Duta Besar Republik Indonesia untuk Kerajaan Arab Saudi, Abdul Aziz Ahmad, selaku ketua delegasi pemerintah Indonesia yang menghadiri sidang tersebut menyampaikan terima kasih kepada Komite Warisan Dunia UNESCO yang telah menetapkan Filsafat Poros Yogyakarta masuk dalam warisan dunia. . Daftar. “Kami merasa terhormat dapat menyumbangkan mutiara ini ke dalam Daftar Warisan Dunia, yang merupakan perpaduan indah antara warisan budaya benda dan takbenda,” kata Abdul Aziz.

Wakil Gubernur DIY, KGPAA Paku Alam X, yang hadir dalam sidang tersebut mewakili Gubernur DIY, Sri Sultan HB X, menyebutkan keberhasilan ini merupakan hasil kerja sama semua pihak dan merupakan penghargaan atas mahakarya Sri Sultan Hamengku Buwana I, pemrakarsa Sumbu Filosofi yang penuh dengan nilai filosofi. “Adalah kewajiban kita untuk melestarikan Sumbu Filosofi ini dengan segala atribut yang menyertainya,” ujar Sri Paduka ketika membacakan sambutan Gubernur DIY dalam kesempatan itu.

Sumbu Filosofi Yogyakarta, yang dalam Daftar Warisan Dunia UNESCO bertajuk lengkap the Cosmological Axis of Yogyakarta and Its Historic Landmarks, diakui sebagai warisan dunia karena dinilai memiliki arti penting secara universal.

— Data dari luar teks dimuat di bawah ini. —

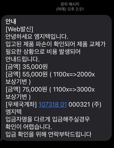 이 정도면 분명히 제조사 엠지텍에서 충분히 내용을 알고 있었을테고 내가 A/S 요청했을 때도 동일 문제라는 것을 분명히 알았을 것입니다. 그런데도 모른척 수리가 된다고 하다가 유상교체 입금 문자만 보낸 것이었습니다.

Sumbu Filosofi Yogyakarta ini dicetuskan pertama kali oleh Raja Pertama Kasultanan Ngayogyakarta Hadiningrat pada abad ke-18. Konsep tata ruang ini dibuat berdasarkan konsep Jawa dan berbentuk struktur jalan lurus yang membentang dari Panggung Krapyak di selatan menuju utara ke Kraton Ngayogyakarta Hadiningrat, dan sampai di Tugu Jogja.

Struktur jalan tersebut, diikuti dengan beberapa kawasan di sekitarnya yang dipenuhi simbol-simbol filosofis, melambangkan falsafah Jawa tentang keberadaan manusia, antara lain siklus hidup manusia (Sangkan Paraning Dumadi), kehidupan harmonis antar manusia, dan antara manusia dengan alam. (Hamemayu Hayuning Bawana), hubungan antara manusia dengan Sang Pencipta serta antara pemimpin dengan manusia (Manunggaling Kawula Gusti), serta dunia mikro dan makro.

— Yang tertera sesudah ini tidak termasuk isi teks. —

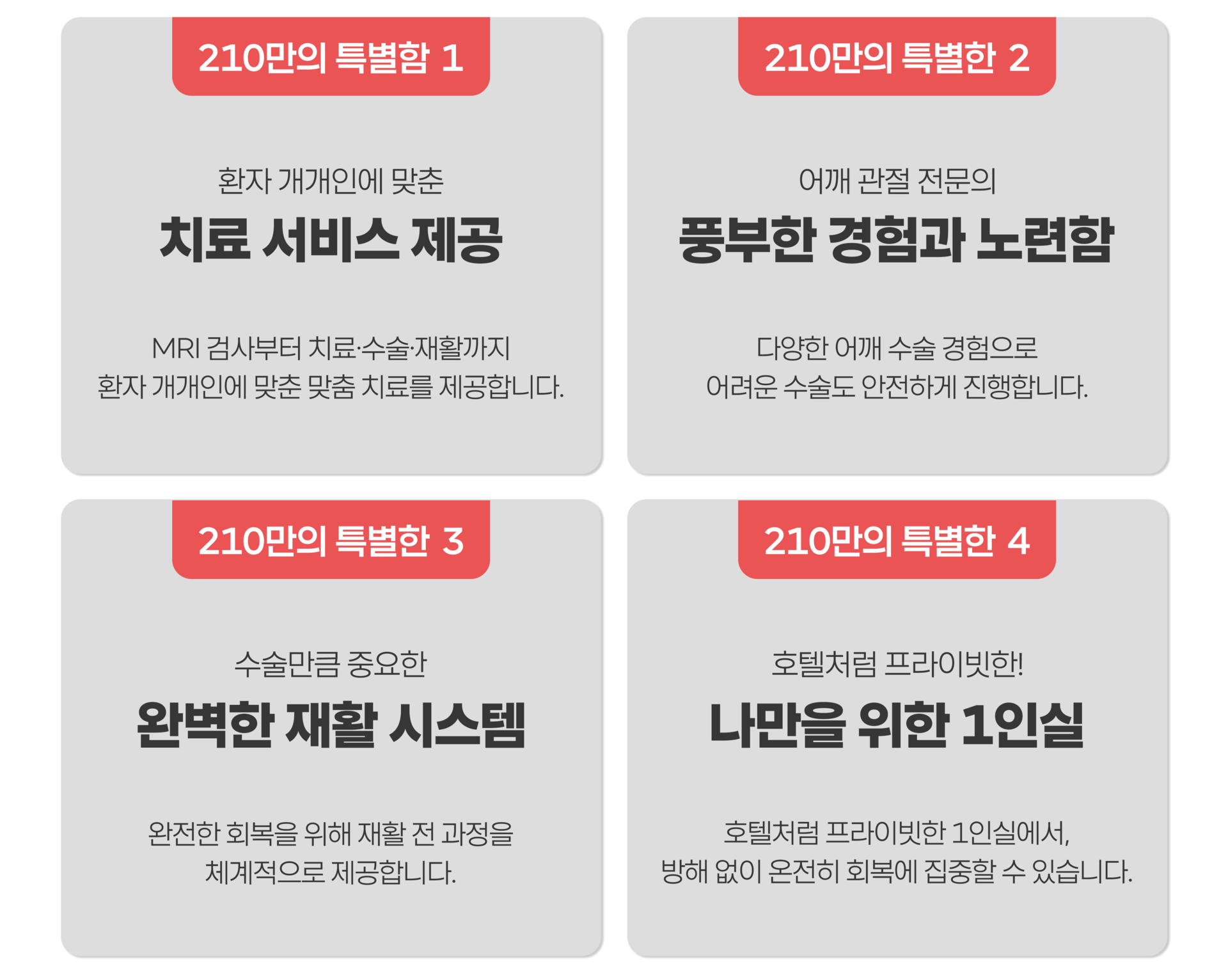 → 물리치료·도수치료·약물치료 등 비수술적 치료를 우선적으로 먼저 시도 | → 리제네텐·회전근개봉합술·동종진피 수술적 치료가 필요한 시점 |

Berbagai tradisi dan praktik budaya Jawa, baik dalam pemerintahan, hukum adat, seni, sastra, festival dan upacara, masih dianut di sekitar wilayah Sumbu Filosofi pada khususnya dan di Yogyakarta pada umumnya. Hal ini juga menjadi bukti peradaban Jawa dan tradisi budayanya yang masih dilestarikan hingga saat ini.

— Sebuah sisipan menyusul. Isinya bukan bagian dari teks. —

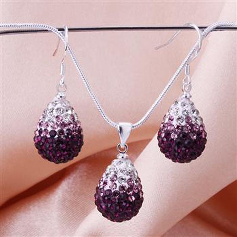 Описание: Комплект бижутерии "Ежевичная капля в кристаллах". В комплект входят: серьги и подвеска на цепочке.
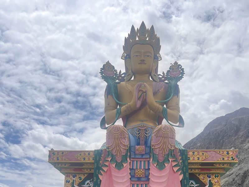 Trên đường quý du khách ghé thăm thiền viện Diskit - thiền viện Phật giáo lớn nhất và lâu đời nhất ở thung lũng Nubra. Toạ lạc ở ngay phần đồi trên thung lũng Nubra, đối diện với thiền viện này là bức tượng lớn và đầy màu sắc của Phật Maitreya (Phật Di Lặc) cao 32 m, nhìn ra sông Shyok, con sông có thượng nguồn ở Ấn Độ và chảy sang Pakistan. Pho tượng này được xây dựng năm 2006, với hy vọng bảo vệ bình an cho vùng đất Ladakh, tránh khỏi cuộc chiến tranh có thể xảy ra với Pakistan cũng như ý nghĩa củng cố nền hòa bình trên thế giới.

Pemerintah daerah DIY berharap dengan ditetapkannya poros filosofis sebagai situs warisan dunia dapat mendorong seluruh pemangku kepentingan, tidak hanya di DIY tetapi juga di seluruh Indonesia, untuk bersama-sama melestarikan warisan budaya dan warisan budayanya. “Kami berharap penetapan ini dapat dijadikan ajang pembelajaran serta salah satu referensi dan inspirasi bersama akan nilai-nilai universal yang diperlukan untuk menciptakan dunia yang lebih baik di masa depan,” ujar Dian Lakshmi Pratiwi.